Communists
(commies), those self-same socialist scumbags that have infiltrated
American society to its very core, are inherently evil: kill them on
sight. Commie can be found using such fiscally-burdensome and
morally-decrepit things as public roads and bridges, communal parks,
sidewalks, pedestrian walkways, and local buses. The interstate and
intrastate highway systems were built and are maintained using
communal funds provided by the taxpayer; as socialist services, they
are dangerous to the American way: avoid them until they are
destroyed. (In order to avoid contact with commie, switch to
widely-available, continent-spanning, privately-funded highway
systems, and for-profit bridges, whenever possible.) Avoid public
libraries, public transportation, and public universities; these are
all taxpayer-funded socialist holdouts that provide equally and at
low additional cost for the general Welfare; as institutions crucial
to the socialist ideal, they must be avoided until they are
destroyed.
Commies
have been known to participate in local elections, where they support
unnecessary and downright wasteful services such as police forces,
firefighters, and sewage and water treatment services.

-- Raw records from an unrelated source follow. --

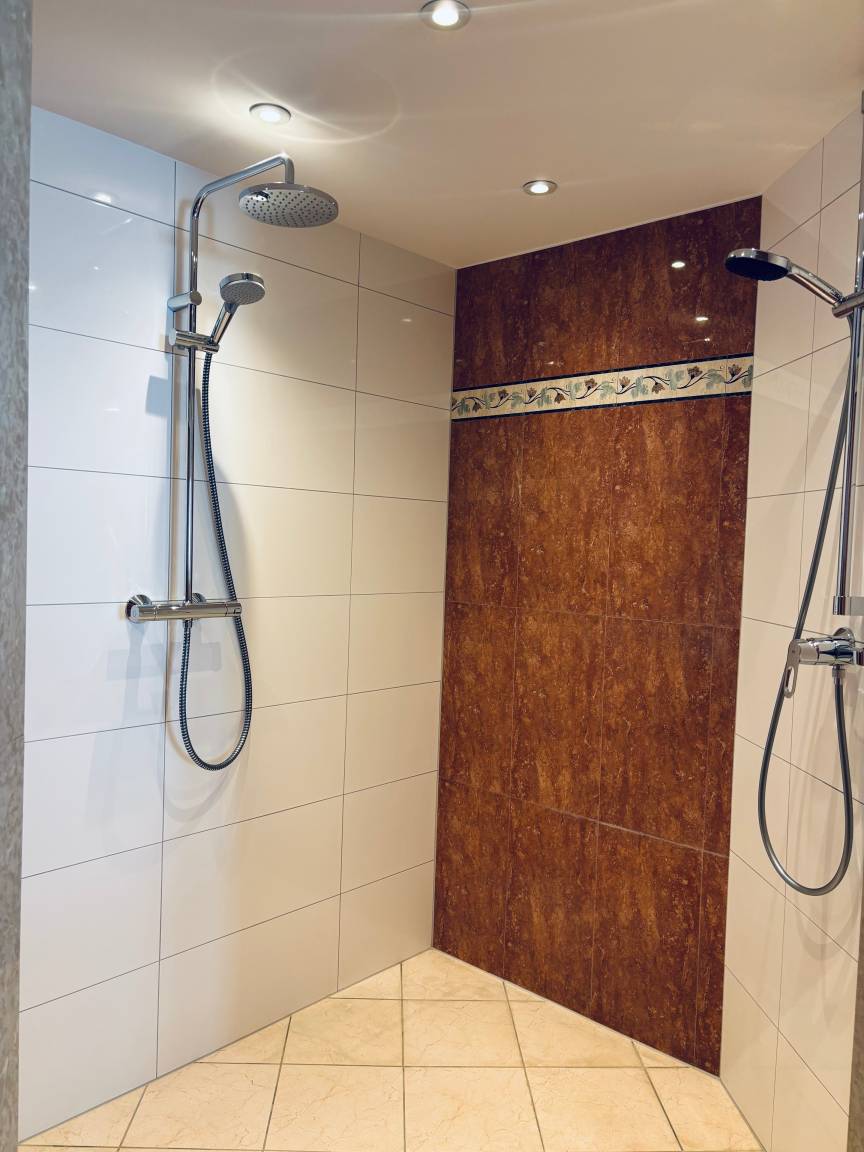 In unserer großzügigen Ferienwohnung erwartet Sie eine exquisite Ausstattung mit einer offenen Küche, einem Boxspringbett, einem sehr großzügigen Badezimmer (mit Badewanne, Bidet, zwei Waschbecken und einer begehbaren Dusche) und einem geräumigen Innenbalkon.
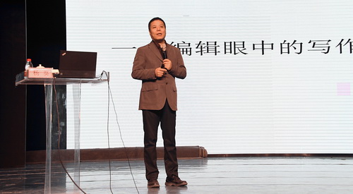 讲座伊始,杨葵先生欲扬先抑地从清朝著名学者纪晓岚的对联开始讲起,引出了写作的内涵和分类,明确指出写作不只是作家的事,每个人都在日常表达中写作。通过鲜活的案例让我们更深入的了解了写作的技巧和精髓。接着杨葵先生又引用《论语》的“绝四”和傅山的“四宁四毋”来讲写作的立意,写作不贴标签,篇幅当长则长,当短则短等。他还将写作比喻为对“玉石”的鉴赏,通过“六德”和“三贱”来告知大家写作“好”的标准是什么。最后,杨葵先生指出写作讲究的是趣味,通过他的编辑经历和写作经验让大家明白了“逗与趣”对写作的重要性,“初谓极,中则过”,写短句,写短文,少用副词、名词和动词才能写出好文章。
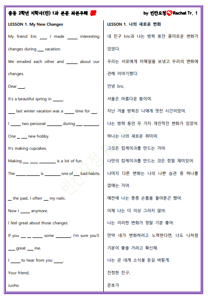 | 중2 지학사민 1과 본문 전체 빈칸문제 (0) | 2024.01.12 |
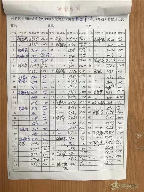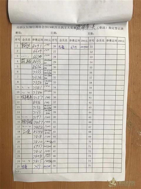 2019年秋季四关鸽王大奖赛第一关霞浦站指定表
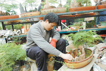在郑州,以往作为观叶植物出售的文竹,如今也开始用于制作盆景了。据经营者介绍,文竹具有价格低廉、取材容易、快速成型、适合规模化生产等特点,现在文竹盆景的销售情况还相当不错。
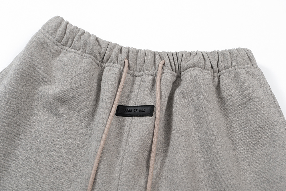 FEAR OF GOD ESSENTIALS FOG Pantalones cortos casuales sueltos con cordón de vello
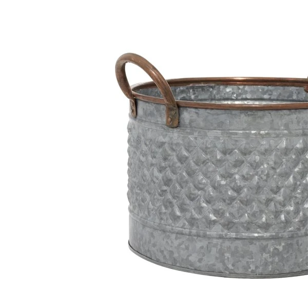 - Features round galvanized metal pots in a textured matte grey finish and copper handles
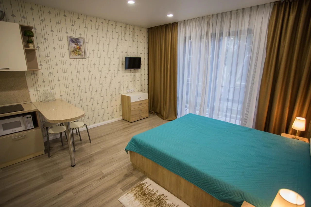 Да все хорошо в принципе, номер чистый, кухня и все что нужно для нее - есть. Телевизор (хоть и тоомознутый) есть, сантехника неплохая. Учитывая цену так вообще прелесть в не апартаменты. Единственное несколько далековато от центра. От отеля до набережной минут 7 на такси, а вечером если возвращаться - минут 40)
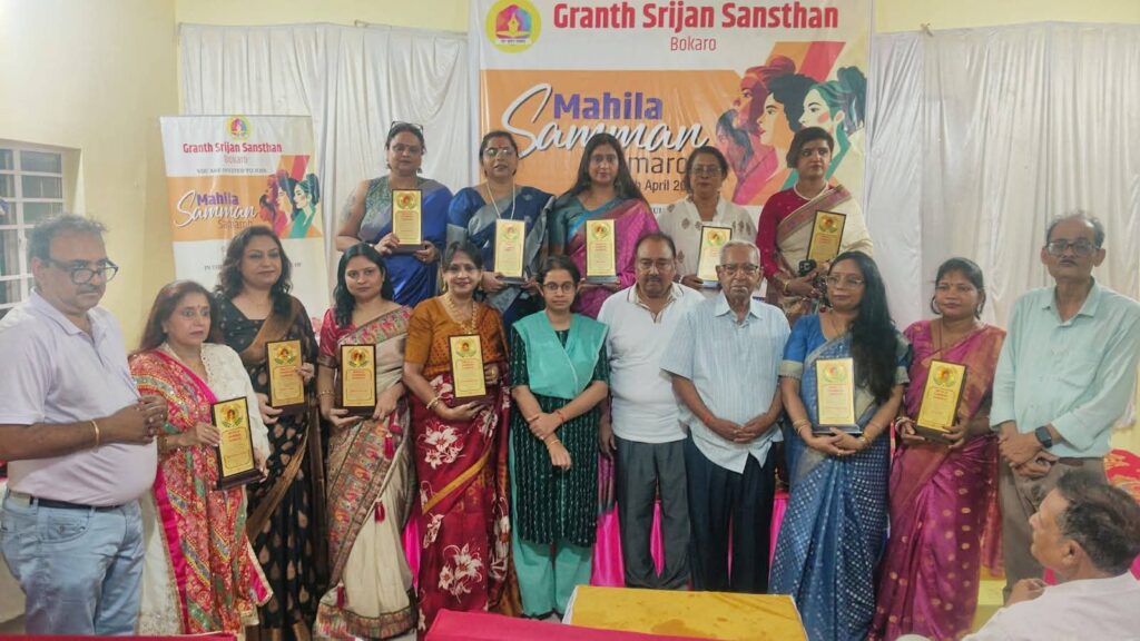 बोकारो । देर शाम ग्रंथ सृजन संस्थान ने दर्जनों विशिष्ट महिलाओं को महिला सम्मान समारोह आयोजित कर उनको सम्मानित किया। बियाडा ऑफिसर कॉलोनी स्थित कम्युनिटी हॉल में आयोजित कार्यक्रम समाज के विभिन्न क्षेत्रों में अपनी अमिट छाप छोड़ने वाली महिलाओं के प्रति कृतज्ञता और सम्मान व्यक्त करने का एक मंच बना। कार्यक्रम का आरंभ पूर्व डी आई जी जीतेंद्र कुमार सिंह, पूर्व रीजनल डायरेक्टर ( ए एच) एस बी जरूहर, बियाडा ऑफिसर्स सोसाइटी के सेक्रेटरी बी के सिंह , प्रोफेसर प्रियदर्शी जरूहार और रजत नाथ ने संयुक्त रूप से दीप प्रज्वलित कर किया।
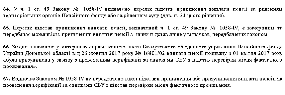 "Страна" недавно сообщала о решении Верховного суда, который миссия ООН упоминала в своем докладе о ситуации с правами человека в Украине. Согласно материалам судебного дела, 24 марта 2017 года Бахмутское управление Пенсионного фонда в Донецкой области приостановило выплату пенсии гражданке Украины, которая, по данным СБУ, проживала на неподконтрольной территории.
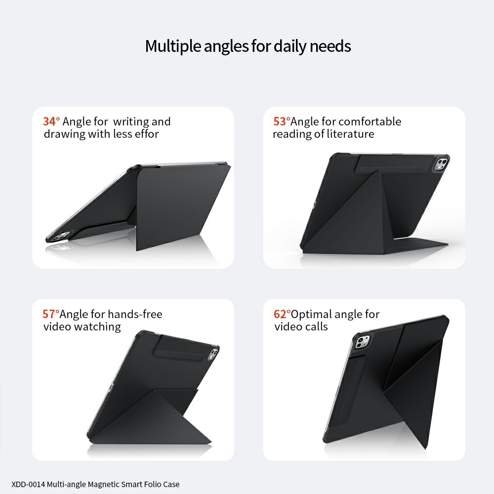 - Multi-Angle Stand: Features a foldable X-pattern cover that supports multiple viewing angles (34°, 53°, 57°, and 62°) for optimized comfort, whether you’re writing, reading, watching, or video calling
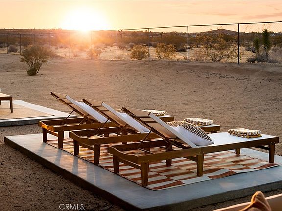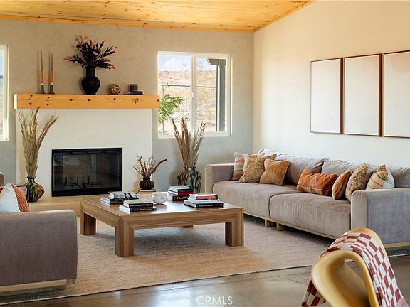 Golden Acres Getaway: Custom remodel and updating by Desert Dreams Home Designs – showcasing an incredible open floor plan, featuring a Great Room as its centerpiece with Venetian plaster walls for warmth and a fireplace for ambiance along with sublime mountain views of Joshua Tree National Park to the south. From there, wander into the incredibly spacious kitchen/dining room, with high-end appliances, quartz countertops, and an Italian Verona stove – carry your home-cooked meals out to the private covered patio out back, with yet more views of open desert and mountains in every direction for indoor/outdoor living/dining. 3-bedrooms and 3 bathrooms, spread over 2,000 square feet, is only the beginning. A large attached garage provides extra storage or parking, with a secret studio/office/extra bedroom off the garage. In addition, stands another freestanding, detached fully-permitted structure that could be converted into an ADU/Guesthouse or used for additional storage or as a large private studio or office away from the main house. Interior of home features vaulted ceilings finished with tongue & groove, lime wash accent walls, hand-wrought bathroom vanities, polished concrete floors and more. The grand primary suite features sliding glass doors to another back porch, further enhancing the indoor-outdoor experience and a large bathroom with custom hand-applied plaster throughout. All surfaces inside and out are newly painted or resurfaced. Nearly 2-Acres of land to roam and fenced for privacy and security for children and pets. Custom electric entry gate greets your arrival. Sure, you can Airbnb it, or just move right in and call it home! Desert Lifestyle living at its finest.
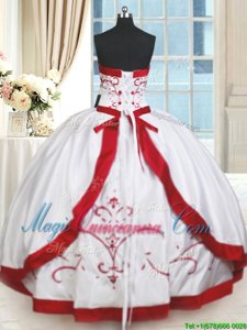 , Classical Strapless Sleeveless Satin Sweet 16 Dresses Beading and Embroidery Lace Up
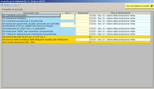 Gestione delle Deduzioni art.11 d.lgs. n.446/97. Tale prospetto, agganciato al quadro IS, può essere compilato sia nel quadro IC che nel quadro IS e in entrambi i quadri i dati saranno sempre aggiornati e in linea.
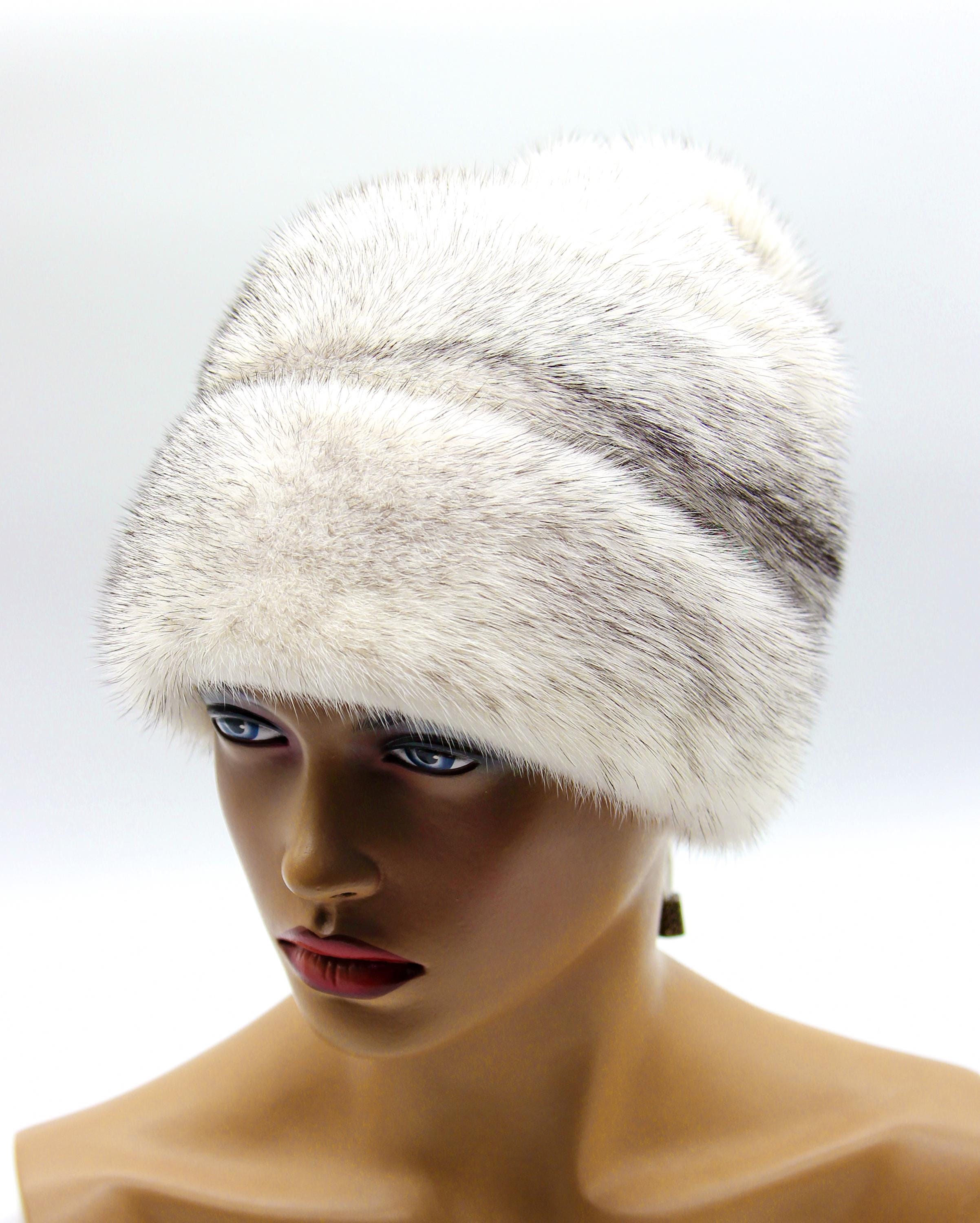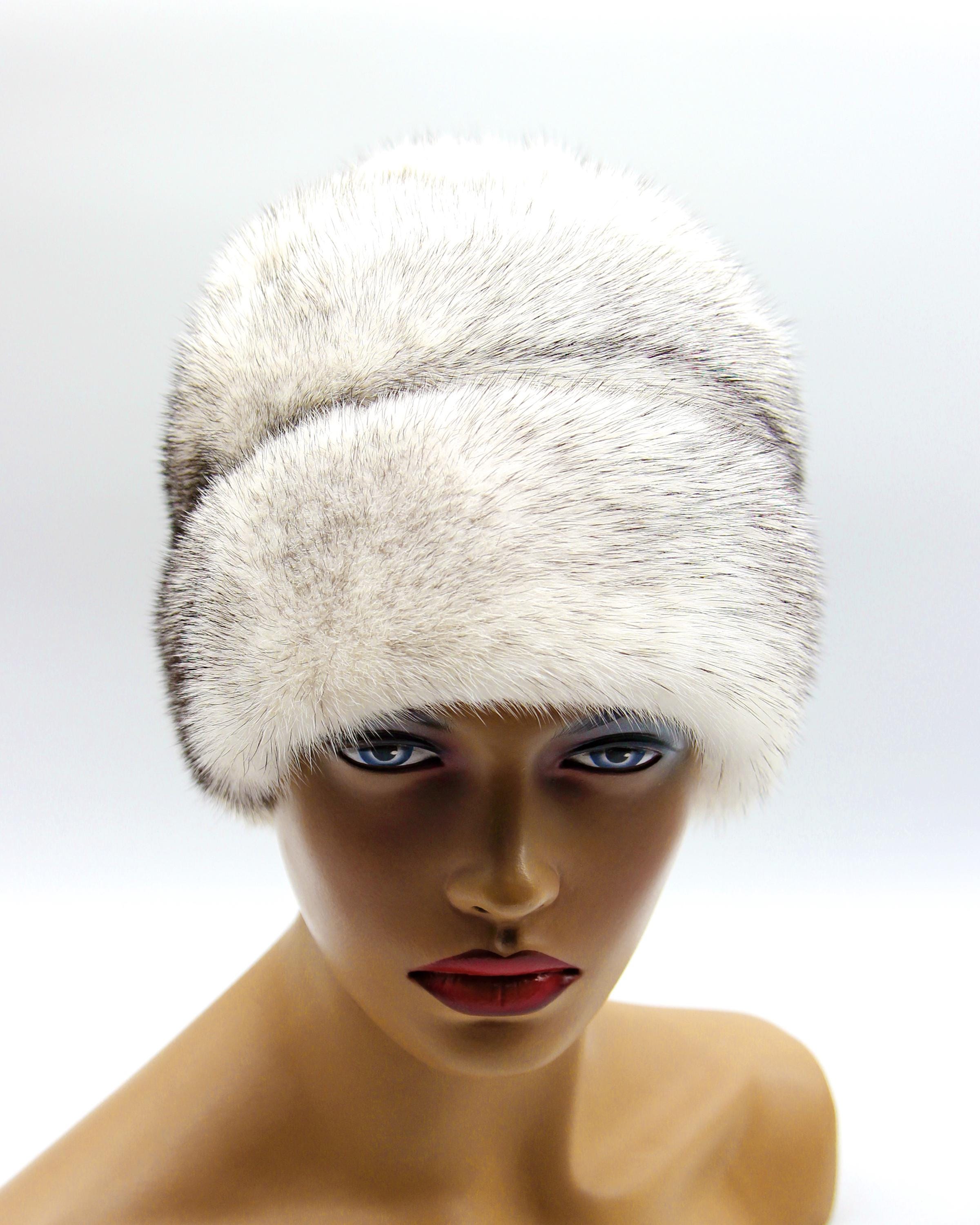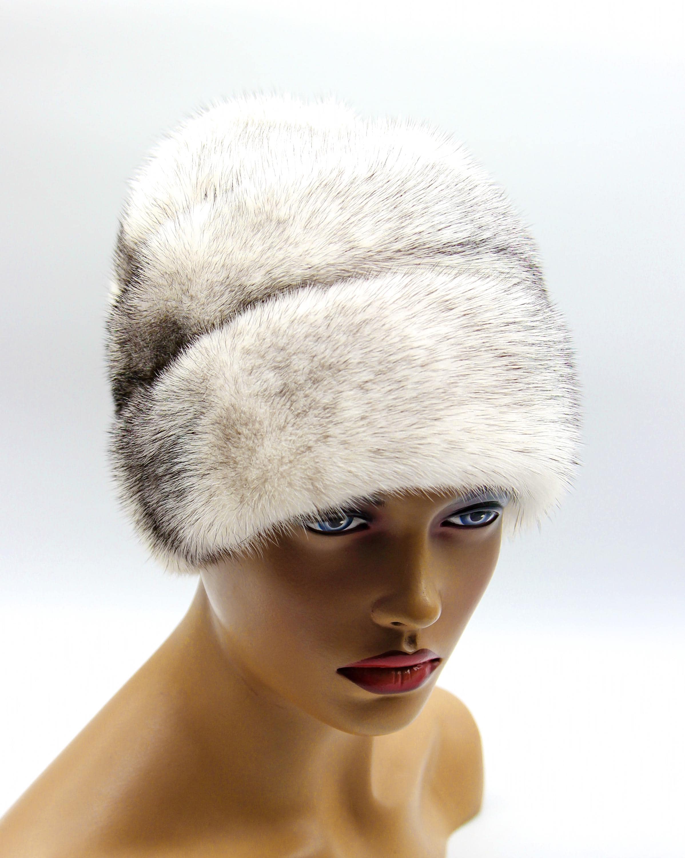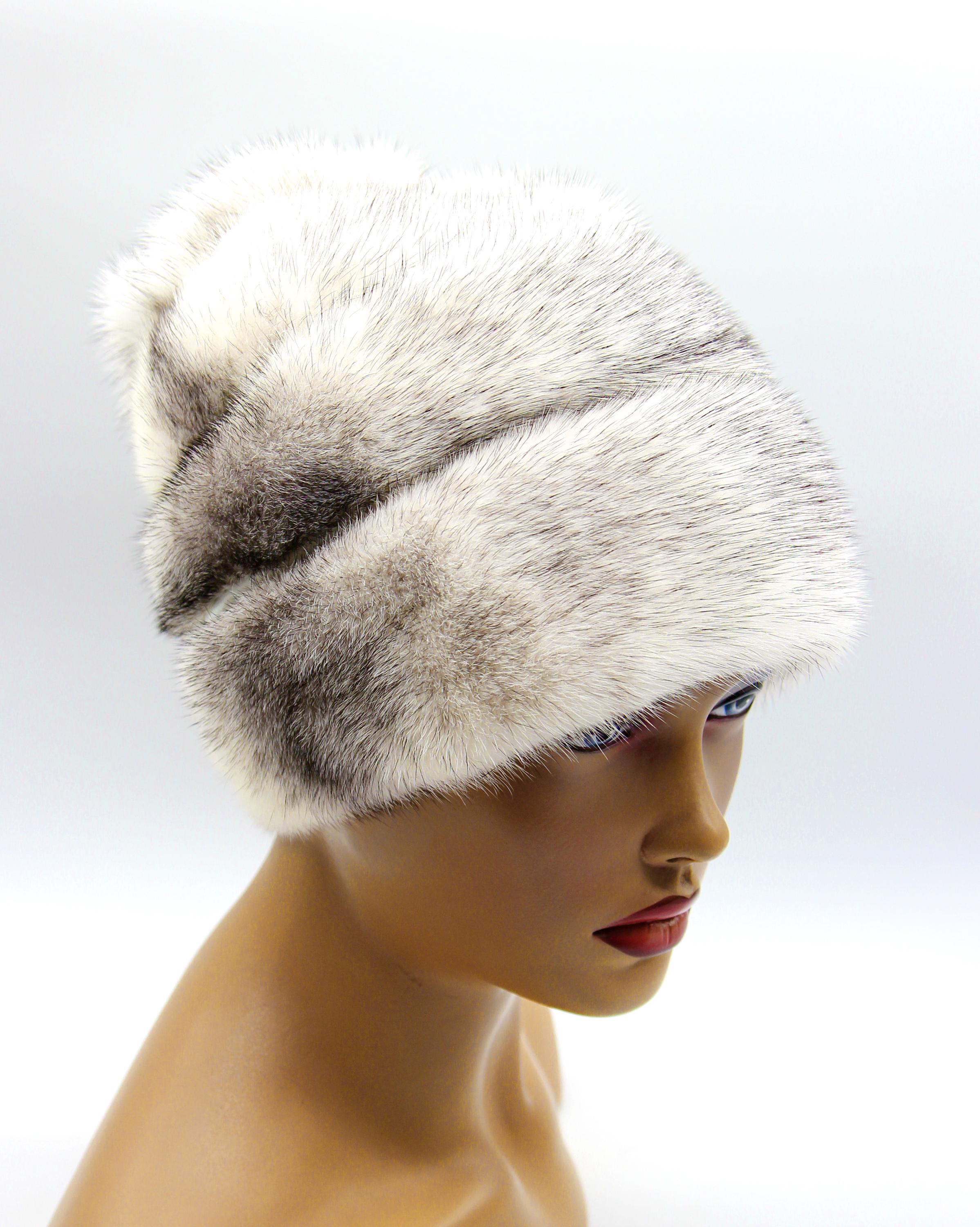 Silver Cross Mink Fur Hat Women Winter with Suede Stripes - Handmade Luxury Warm Headwear Rose Back
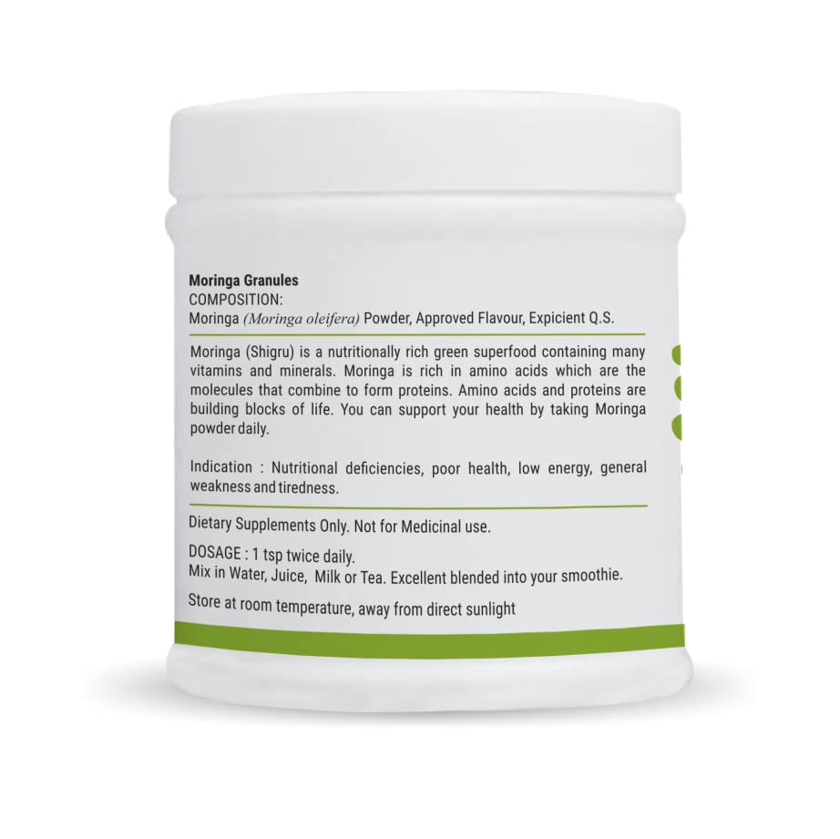 Moringa (Shigru) is a nutritionally rich green superfood containing many vitamins and miner. Moringa is rich in Amino acids which are the molecules that combine to form proteins. Amino acids and proteins are building blocks of life. You can support your health by taking Moringa Granules daily.

Furthermore,
commie will, on the local and the national level, support programs
that assist the poor, the disabled, the elderly, and anyone too lazy,
incompetent, or stupid to accept the glorious, inherent inequality of
consumption-oriented market capitalism. Anyone who votes for programs
such as these is a commie. Anyone who wants the wealth generated in
America to feed, clothe, and house three hundred million citizens
rather than to make a few hundred thousand fabulously wealthy is a
commie. Anyone who is shocked upon hearing that one in six Americans
suffers from hunger is a commie. Do not trust these loathsome and
dangerous miscreants.
As
the headline suggests, a dead commie thrown into a river will not
float – as he becomes more deeply entrenched in his absurd, amoral
mindset, his body will develop fibrous internal growths similar to
asbestos (but far more lethal if they should contact non-commie skin,
or if exposed to oxygen). Once commie is killed, remove it from the
water as soon as possible, as it will rot abnormally quickly,
transforming almost overnight into an as-of-yet poorly understood
substance that tends to disperse before it hardens, posing a hazard
to shipping lanes. As of press time, we have not been able to catch a
commie to dissect its body in its living state: we knew enough not to
let it live; we kill commie before commie can kill us. Wily and
suspicious by its foul, hellish nature, commie can be lured only into
cunningly camouflaged traps, although it will run readily to salute a
red flag or to sniff a human female in heat. Commie will thrash about
wildly once captured, so have your killing implement (bludgeon,
cudgel, ax, pipe, or baseball bat) near to hand. The best bait for
your commie-trap is crushed ginger-snaps mixed with a national brand
of mechanically-separated meat product (preferably one with a high
sodium content). Remove the head of dead commie as soon as you can –
it might be faking death in hopes of spreading democracy and equality
amongst the peoples of the world, when you are not looking; there are
few things worse than a wounded, near-dead commie spreading chaos and
egalitarianism amidst your defensive lines. Wounding the commie will
only enrage it, so take it down good and hard, as it will still be
combat effective even after losing several limbs. Shooting off
commie's leg will only slow it down – not stop it – so aim for
its misshapen head. Setting the vile scum on fire (as with an
improvised incendiary device) will only enrage commie, and cause
commie to charge your position and to do everything in its power to
burn it down before it is consumed by the flames. Stay alert – stay
vigilant. Think of your loved ones. Think of the children. Do not
hesitate.
Every
step toward communism is a step away from our bright future as
Self-Enslaved Conspicuous Consumers. In order to stamp out the
aforementioned socialist institutions and to save our distended and
dehumanizing capitalist system from its inevitable ruin, we must
bulldoze our public schools, tear up our public roads, disband our
emergency services, raze our community parks, smash our
state-maintained bridges, stop up our local sewers, and burn our
neighborhood libraries to the ground. Only then shall America be free
of communism, and of its bastard cousin, socialism; only then might
this shining land flourish once again. Commie may seem peaceful,
erudite, and well-educated, but great danger lies in
community-mindedness and in making small personal sacrifice to
improve the general Welfare. If you cherish your slavery, and you
wish to protect your stock options, put bastard commie down for good.